The Archipelago of Contented Peoples: Endurance Groups
April 22–July 9, 2017
21 Woodlands Terrace
Glasgow G3 6DF
United Kingdom
T +44 141 428 3022
info@thecommonguild.org.uk
Steven Claydon is known for sculptural work that examines the changing value of objects—aesthetic, functional and financial—a theme that has become more pertinent against the backdrop of threats to cultural heritage internationally. Working with a range of carefully sourced, crafted and industrially fabricated components, encompassing technologies both arcane and contemporary, Claydon plays out the processes whereby objects come into being, accrue meaning, and endure and transform through environmental and cultural shifts.

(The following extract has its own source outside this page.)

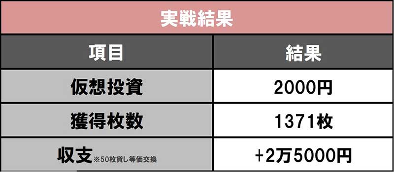 AT1回あたりの出玉は伸び悩みましたが、超優秀な初当りのおかげで差枚数は満足感のあるプラスとなりました。これだけ初当りが軽ければ、確定演出に頼らずともホールで粘ることができそうです。

For his exhibition at The Common Guild, part of our 10th anniversary programme, Claydon presents a group of new works spanning sculpture, installation and sound, in which he addresses the ideas of jeopardy and pressure. Claydon’s work often draws a parallel between physical pressures—such as those experienced at great depth, altitude, or in a vacuum—and the subtler kinds of pressures that are imposed on objects in terms of how they are used, viewed, presented or aestheticised within any given social or institutional context.
Within and between the works in the exhibition, Claydon poses the question of whether objects and concepts—emancipated from specific uses and contexts – possess a counterpart to the evolutionary survival strategies seen in humans and animals.
The Archipelago of Contented Peoples: Endurance Groups is supported by the Henry Moore Foundation. With thanks to Industrial Gases company BOC, leading subsea operations and manufacturing company JFD and their National Hyperbaric Centre.
In parallel with Claydon’s exhibition in Glasgow, The Common Guild is co-operating with Mount Stuart Trust (Bute) as part of its contemporary visual arts programme.
The Archipelago of Contented Peoples: Endurance Groups will be Claydon’s first solo show in Scotland, continuing the organisation’s reputation for bringing important international artists to Scotland for the first time. Claydon’s exhibition in Glasgow follows a new commission as part of The Persistence of Objects, an exhibition curated by The Common Guild for Lismore Castle Arts, Ireland, in 2015 and a series of major exhibitions in Geneva, Bergen and London.
Steven Claydon (b. 1969 in London) lives and works in London and has worked in music and video as well as sculpture. In 2016 he was one of four artists shortlisted for the first Hepworth Prize for Sculpture.
He has exhibited widely over the last 20 years, including solo exhibitions at Bergen Kunsthall, Norway; Centre D’Art Contemporain Geneva, Geneva, Switzerland (both 2015); Firstsite, Colchester (2012); and White Columns, New York, USA (2006). He has also participated in numerous group exhibitions and biennales including Manifesta 11, Zurich and Solid Liquids, Kunsthalle Munster, Germany, (both 2016), The Persistence of Objects curated by The Common Guild for Lismore Castle Arts (2015); Busted, High Line Commission, New York (2013): British Art Show 7: In the Days of the Comet, Hayward Gallery, London; Glasgow, UK; Plymouth, UK (2011); and Rings of Saturn, Tate Modern, London (2006).
Claydon has also curated several exhibitions including The Noing Uv It for Bergen Kunsthall, Norway, together with Martin Clark (2015) and Strange Events Permit Themselves the Luxury of Occurring, Camden Arts Centre, London (2007).